なかでも大きな資金を必要とするイベントが「住宅資金・教育資金・老後資金」で、『人生の三大資金』といわれています。
●住宅資金:住宅購入費用(住宅ローンなど)、家賃、リフォーム代など
住宅資金は人生で最も高額な買い物の一つとされ、数千万になることもあります。
●教育資金:学校の学費(幼稚園から大学まで)、塾や習い事の費用など
文部科学省「令和5年度子供の学習費調査結果」や日本政策金融公庫「教育費負担の実態調査結果(大学)」をまとめると、公立の場合で約1,000万円、私立の場合で約2,500万円必要です。
●老後資金:日常生活費、医療費、趣味や旅行代など
「老後資金2,000万円」問題という話もありますが、実際に必要な資金は人それぞれです。
提案プラン
相談者については、現状の家計収支を確認したうえで、「老後資金」準備に向けた資産形成プランを提案しました。

ポイント1|収支管理と見直し
・毎月の収支を確認し、家計簿アプリでの家計管理を提案
・奨学金返済があることがわかり、貯まった財形貯蓄分で完済を提案
ポイント2|NISA・iDeCo制度の利用
・貯蓄7万円については積立投資を提案
積立定期預金→iDeCo2万円、財形貯蓄→NISA(つみたて投資枠利用)5万円
NISAは、運用益が非課税になる優遇制度があります(上限額や対象銘柄などに条件あり)。

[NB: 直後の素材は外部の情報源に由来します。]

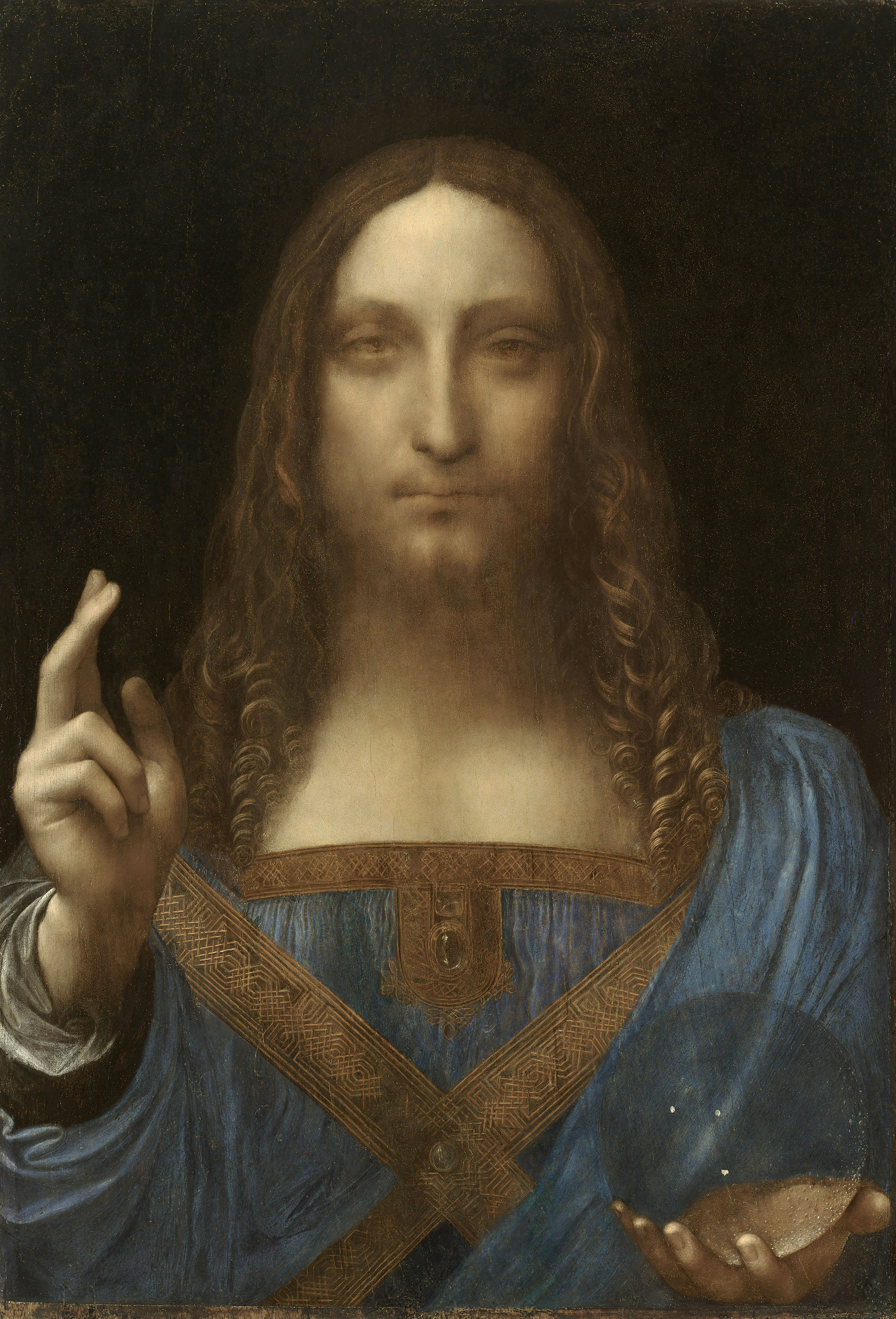 Reproduction of the painting after restoration by Dianne Dwyer Modestini, a research professor at New York University.

iDeCoは、自分が拠出した掛金を自分で運用して資産形成する年金制度。原則途中引き出しできませんが、掛金が全額所得控除の対象となるなどのメリットがあります。
ご相談者には、中長期で取り組んでいただきたいので、資産運用に有利な税制をしっかり活用することを重視しました。
下図は、各税制優遇や相場変動・ライフプランを考慮していませんが、金融庁のNISA公式サイトでシミュレーションした結果です。
投資元本の2倍も夢ではなく、現実になる可能性が高いのが「資産運用」です。
例)毎月7万円を年率5%で30年間積立したらどうなる?
投資元本:2,520万円(=7万円✕12か月✕30年)

出所)金融庁「つみたてシミュレーター」でのシミュレーション結果を転載
▼金融庁:つみたてシミュレーター
https://www.fsa.go.jp/policy/nisa2/tsumitate-simulator
繰り返しになりますが、資産運用は長期的な視点で行うことが重要なので、20代のうちから始めることで「複利効果」も大きく、将来のための盤石な資産を築くことができるでしょう。
今後、結婚などライフイベントに変化があった際には、具体的な対策を立てる必要があるため、今からIFAやFPなど信頼のおける専門家を見つけておくと、何かあった際の心強い味方になるはずです。